A Place Is a Spectacle: A Description of the Arrival of a Dutch Trading Vessel in Edo-Period Nagasaki

by Harrison Schley, University of Pennsylvania

Oranda fune (The Dutch Ship), from Nihon sankai meisan zue (Famous Products of Japan’s Mountains and Seas, Illustrated), 1799

During Japan’s Edo period (1615–1868), trade with Europe was restricted to a single Dutch trading post on the island of Deijima, Nagasaki, with two Dutch ships permitted to arrive each year. To gain an understanding of how eighteenth-century Japanese viewed the Dutch traders and their yearly arrivals, I translated and analyzed a passage from the 1799 Nihon sankai meisan zue, or Famous Products of Japan’s Mountains and Seas, Illustrated. This work was part of a genre of travel literature and guidebooks that described famous sites and products throughout Japan, which could be now be visited more easily due to increased urbanization, trade and improved roadways.

Right: Onaji dejima oranda yashiki (The Same: The Dutch Residence on Dejima), left: Oranda fune nyūtsu (The Dutch Ship Entering Port), from Nihon sankai meisan zue (Famous Products of Japan’s Mountains and Seas, Illustrated), 1799

The majority of the Nihon sankai meisan zue describes the manufacture of famous goods throughout the Japanese archipelago. However, the section on the Dutch ships at Nagasaki focuses almost exclusively on the pageantry associated with the arrival of the Dutch, including ceremonial cannon fire, flag raising, and music, rather than specific trade goods themselves. Additionally, while most of the visual references in the work show the manufacture of products, the two illustrations that accompany the Dutch ship passage represent the arrival of the ship itself.

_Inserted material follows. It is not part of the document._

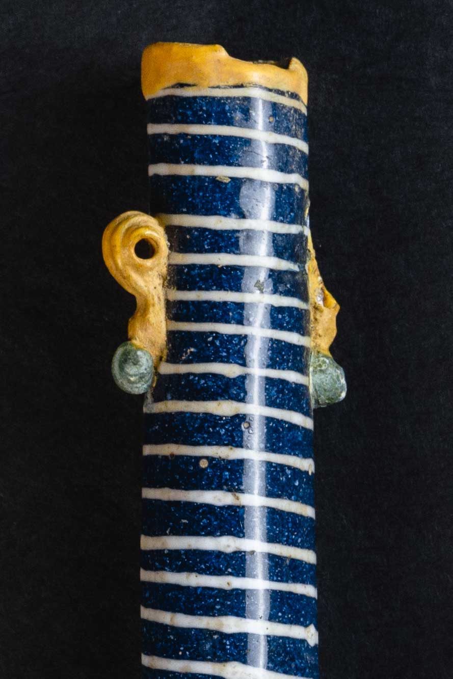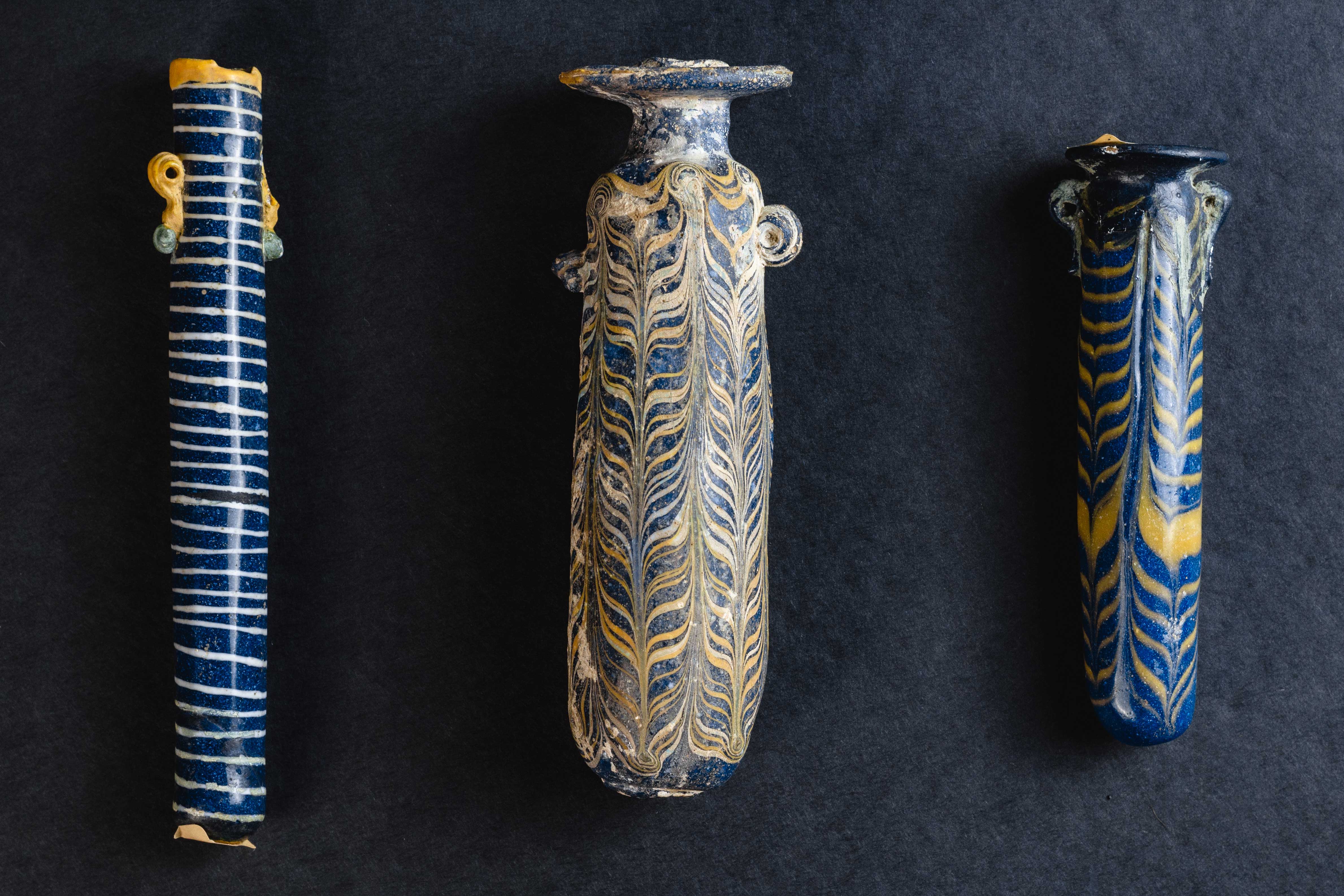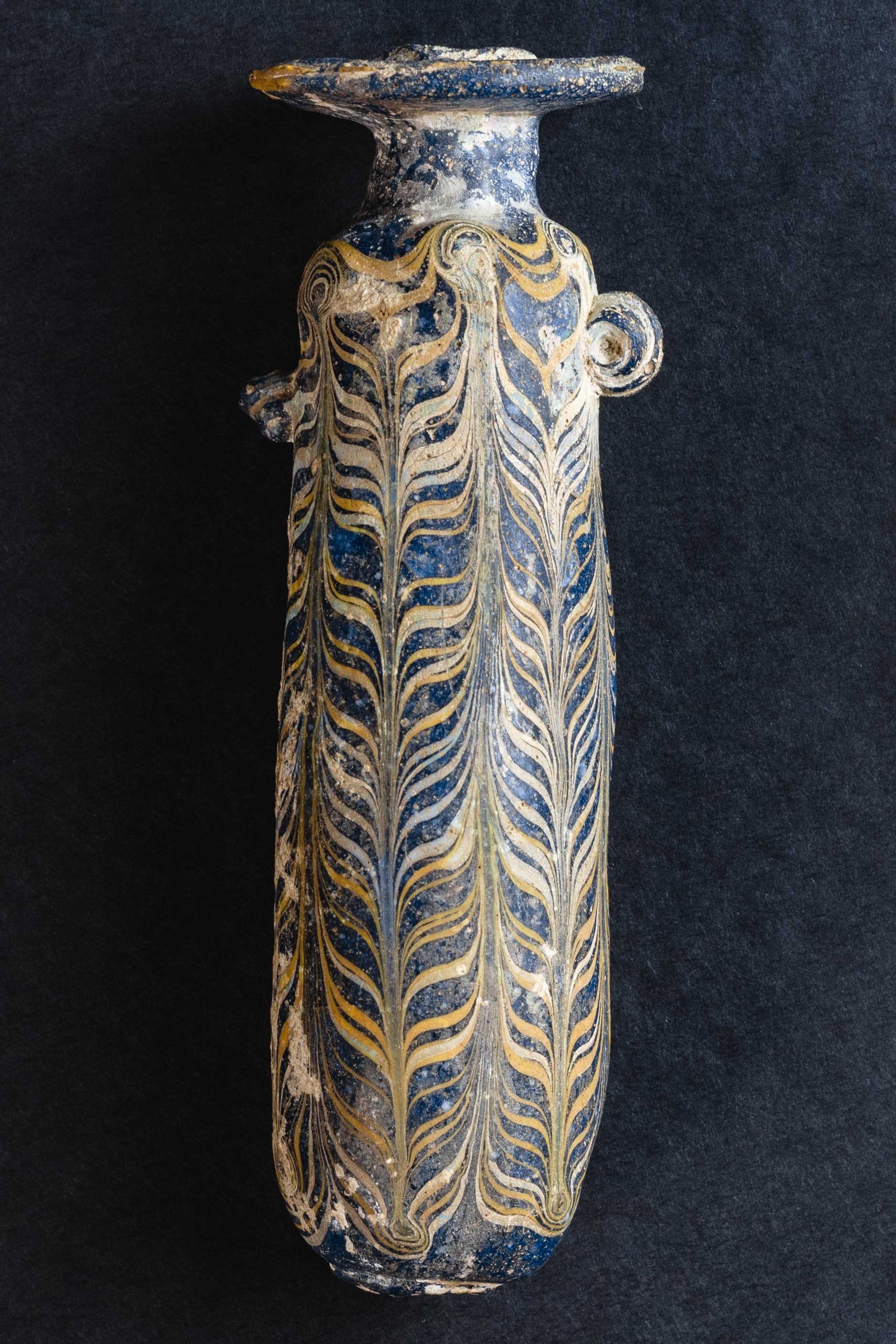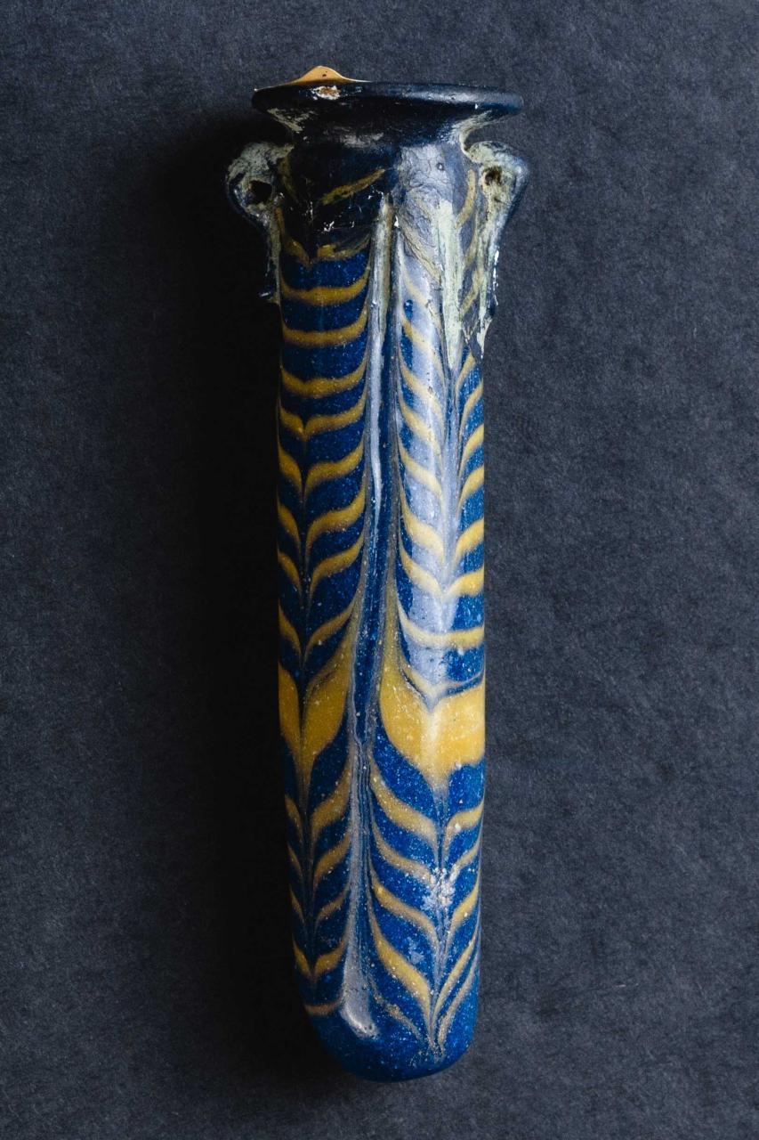 Tra i reperti più affascinanti giunti fino a noi, spiccano i balsamari in pasta vitrea policroma, spesso su fondo azzurro e dalla caratteristica forma “a bottiglia lentiforme”. La loro realizzazione era un mix di artigianato e creatività: il vetro caldo veniva colato su un nucleo friabile (in argilla e sabbia), modellato con strumenti metallici, e decorato con linee, spirali o festoni. Quando il balsamario si raffreddava, il nucleo interno veniva frantumato, lasciando il contenitore cavo e pronto all’uso.

To the author of the Nihon sankai meisan zue, and, presumably his Japanese readership, it was the Dutch traders themselves, rather than the goods they brought, that commanded fascination. A comparison with contemporary Dutch sources that describe the annual arrival of the ships in Nagasaki harbor both corroborates the account in the Nihon sankai meisan zue, and show that the Dutch were active participants in the pageantry surrounding the event.